• [What you need to do]
Exactly as written, retype the listing below, omitting the pictures.

• [Source material]
================================

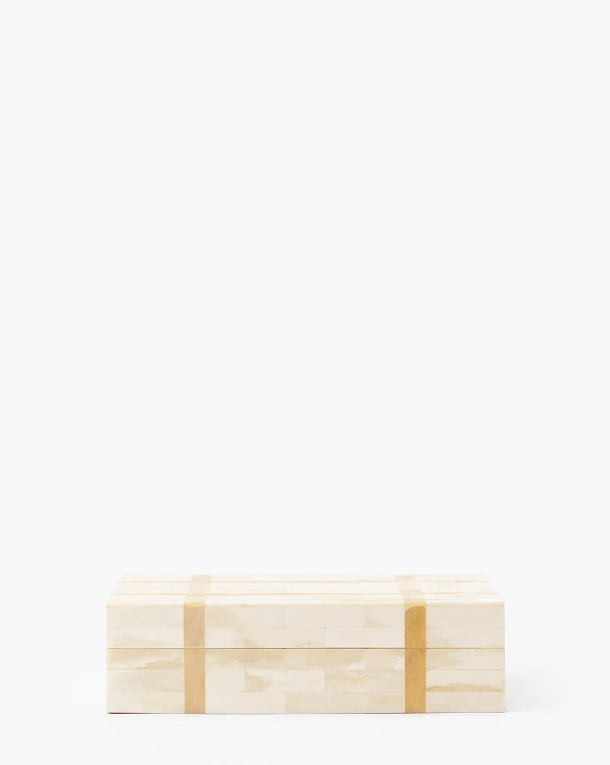 Organic materials bring an element of warmth to the Paige Bone Box. Crafted from bone and horn, we designed this piece with straightforward lines that highlight all the natural deviations in the color of each material. Perfectly suited as a small storage piece while elevating your decor, the Paige Bone Box makes its home anywhere from bookshelves to built-ins.
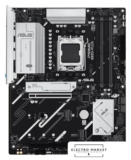 ATX, чипсет AMD B850, память 4xDDR5 до 8000 МГц, слоты: 4xPCIe x16 5.0, 3xM.2, 802.11ax (Wi-Fi 6E)+Bluetooth 5.3, 8+2+1 фаз питания
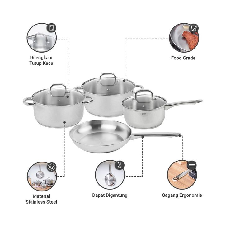 Informa Cooking Color Set 7 Pcs Leon Perlengkapan Masak Cookware Set Wajan Casserole Saucepan Panci Peralatan Masak Kit
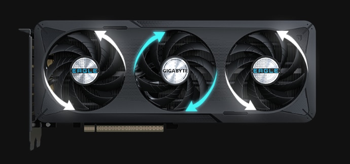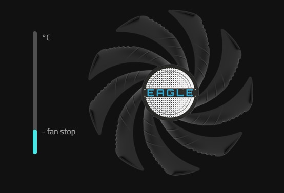 VENTILATOR ACTIV 3D Ventilatorul activ 3D asigura o racire semi-pasiva, iar ventilatoarele vor ramane oprite atunci cand GPU-ul se afla intr-un joc cu sarcina redusa sau cu consum redus de energie. |

================================

• [Finished exercise]
 Organic materials bring an element of warmth to the Paige Bone Box. Crafted from bone and horn, we designed this piece with straightforward lines that highlight all the natural deviations in the color of each material. Perfectly suited as a small storage piece while elevating your decor, the Paige Bone Box makes its home anywhere from bookshelves to built-ins.
 ATX, чипсет AMD B850, память 4xDDR5 до 8000 МГц, слоты: 4xPCIe x16 5.0, 3xM.2, 802.11ax (Wi-Fi 6E)+Bluetooth 5.3, 8+2+1 фаз питания
 Informa Cooking Color Set 7 Pcs Leon Perlengkapan Masak Cookware Set Wajan Casserole Saucepan Panci Peralatan Masak Kit
 VENTILATOR ACTIV 3D Ventilatorul activ 3D asigura o racire semi-pasiva, iar ventilatoarele vor ramane oprite atunci cand GPU-ul se afla intr-un joc cu sarcina redusa sau cu consum redus de energie. |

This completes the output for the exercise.